Most people easy to convince they committed a crime that never happened – study
Researchers from Britain's University of Bedfordshire and Canada's University of British Columbia based their study on a questionnaire filled out by the primary caregivers of 60 university students. The relatives were requested to describe events that the students experienced between the ages of 11 and 14.
Upon receiving the surveys, psychologists then questioned the students themselves about their past experiences, in a series of three 40-minute “friendly” interviews.
Researchers announced that 70 percent of participants were eventually tricked into believing they committed a crime – including theft, assault, or assault with a weapon – that led to police questioning.
The research, published in Psychological Science, shows that those students surveyed internalized the stories they were told, later re-telling them in great detail – even though they never took place. With “suggestive memory-retrieval techniques,” those questioned generated “criminal and noncriminal emotional false memories” that were compared with “true memories of emotional events,” the study says.
During the first line of questioning, researchers spoke to each student about two events he or she went through as a teen – with only one of those events being real. Participants were asked to recall what happened in each of the occurrences.
When test subjects had trouble explaining the false event, the psychologist pushed on and encouraged them to recall either way, explaining to them that if they used “specific memory strategies” they might remember more.
During the second and third interviews, the researchers again asked the participants to remember as much as they could about both events.
“All participants need to generate a richly detailed false memory is 3 hours in a friendly interview environment, where the interviewer introduces a few wrong details and uses poor memory-retrieval techniques,” Julia Shaw of the University of Bedfordshire, a co-author of the study, said in a statement.
“In such circumstances, inherently fallible and reconstructive memory processes can quite readily generate false recollections with astonishing realism,” said Shaw. “In these sessions we had some participants recalling incredibly vivid details and re-enacting crimes they never committed.”
Out of the 30 students whose “false event” involved some criminal activity, 21 were classified by the authors as having developed a “false memory” of the crime following the interviews. Eleven out of 15 students whose “crime” involved assaults or armed assault described the nature and “details of their exact dealings with police.”

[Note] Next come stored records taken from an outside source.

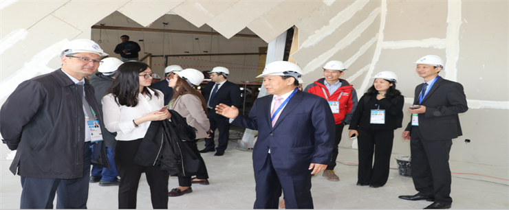 主体结构竣工仪式结束后,来宾还一起参观了中国馆建设情况,就下一步施工做了技术交流,并现场商讨展项运输等急需解决的工作方案。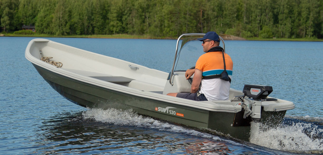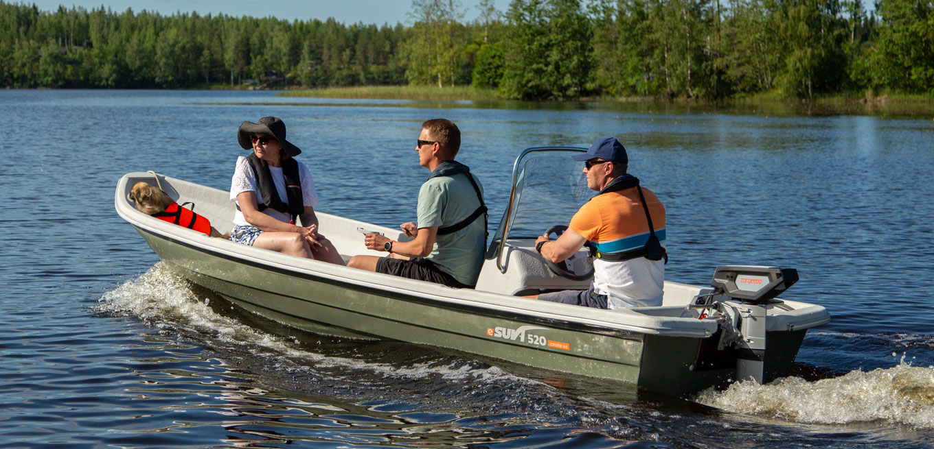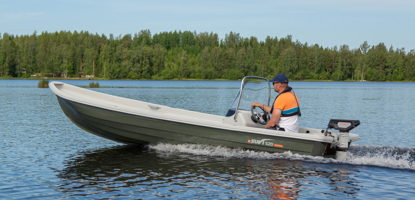 eSuvi 520 Cruise 6.0 is a very stable model featuring a steering console and a large keel. It is ideal for both fishing and cottage activities. This boat has a large open indoor space and sharply elevated bow that ensures smooth travel even in rough conditions. A steel keel as standard equipment!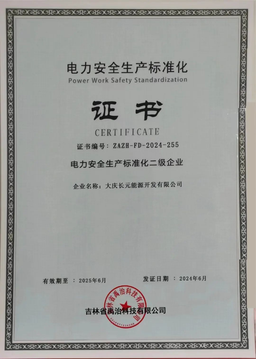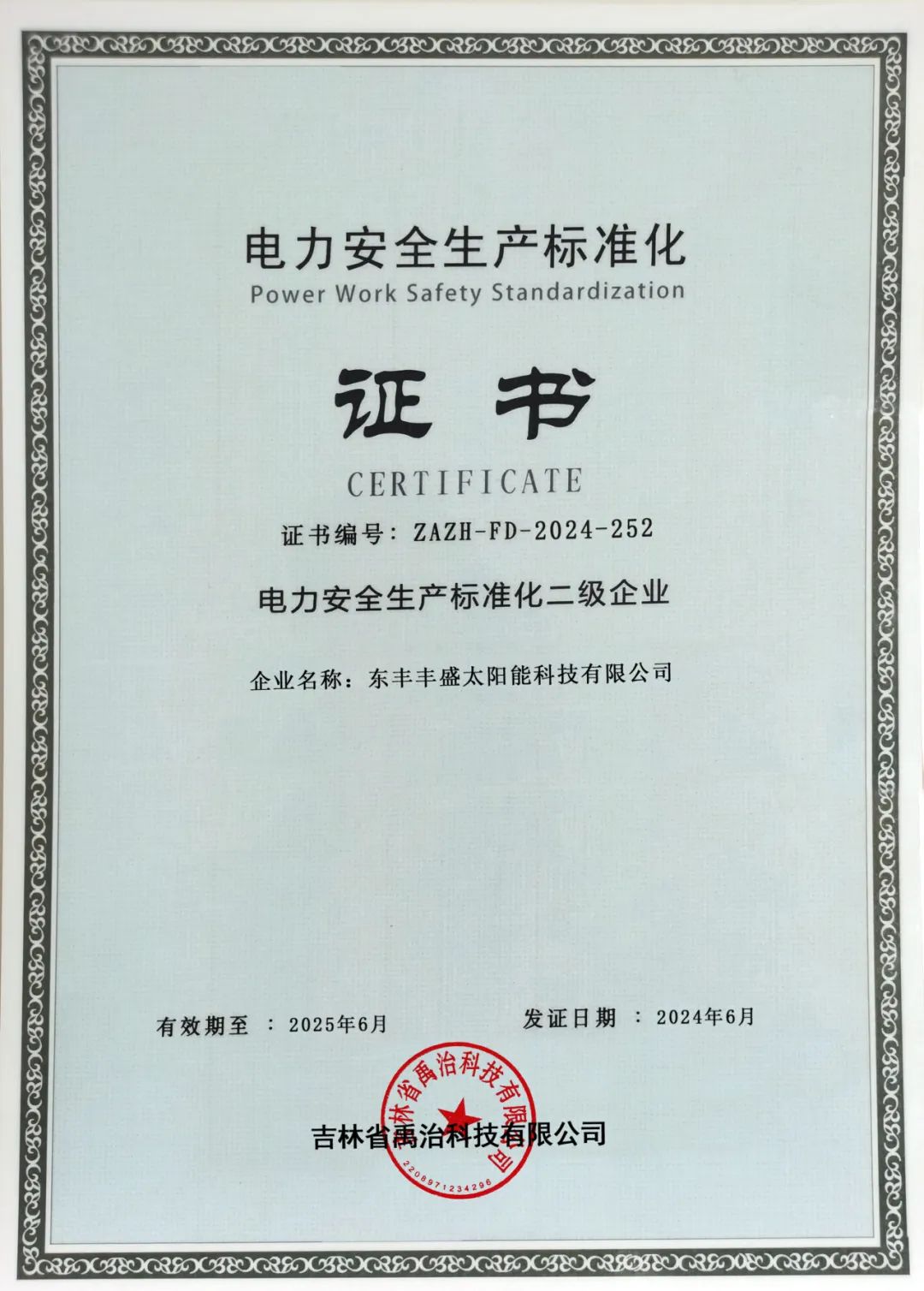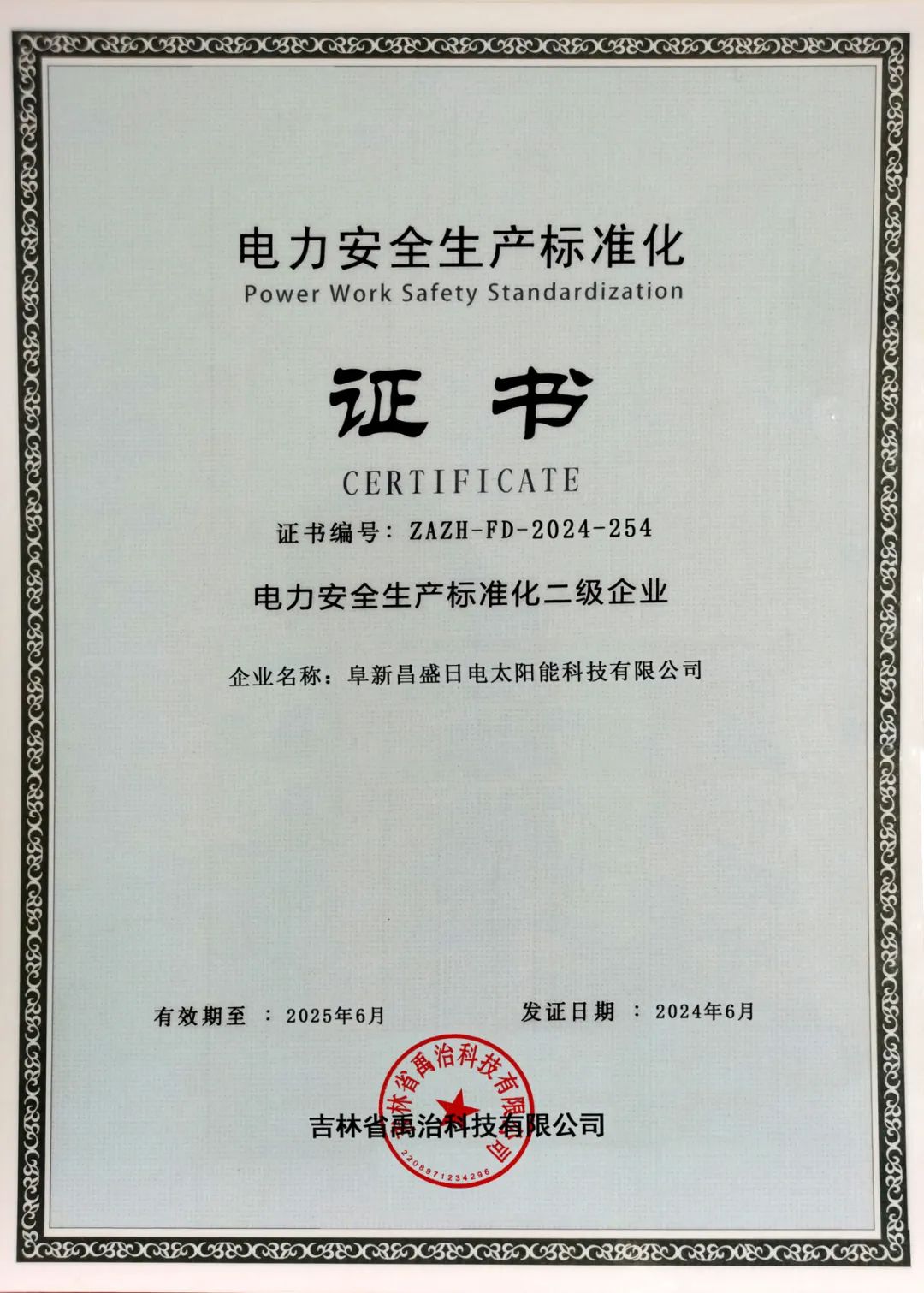 近日,乐动(中国)旗下新能源集团所属的三家项目公司阜新昌盛日电太阳能科技有限公司、东丰丰盛太阳能科技有限公司和大庆长元能源开发有限公司,成功通过了电力安全生产标准化企业二级达标认证,并荣获了电力安全生产标准化二级企业证书。这一成就是青岛城投新能源集团在安全生产标准化和安全管理体系建设方面取得的重要进展。

The participants who were classified as having false memories of committing a crime indicated that they had later tried to recall and visualize the false event at home, five times on average, and had “low suspicion that the interviewer was trying to manipulate them somehow.”
“Understanding that these complex false memories exist, and that ‘normal’ individuals can be led to generate them quite easily, is the first step in preventing them from happening,” Shaw concluded. “By empirically demonstrating the harm ‘bad’ interview techniques – those which are known to cause false memories – can cause, we can more readily convince interviewers to avoid them and to use ‘good’ techniques instead.”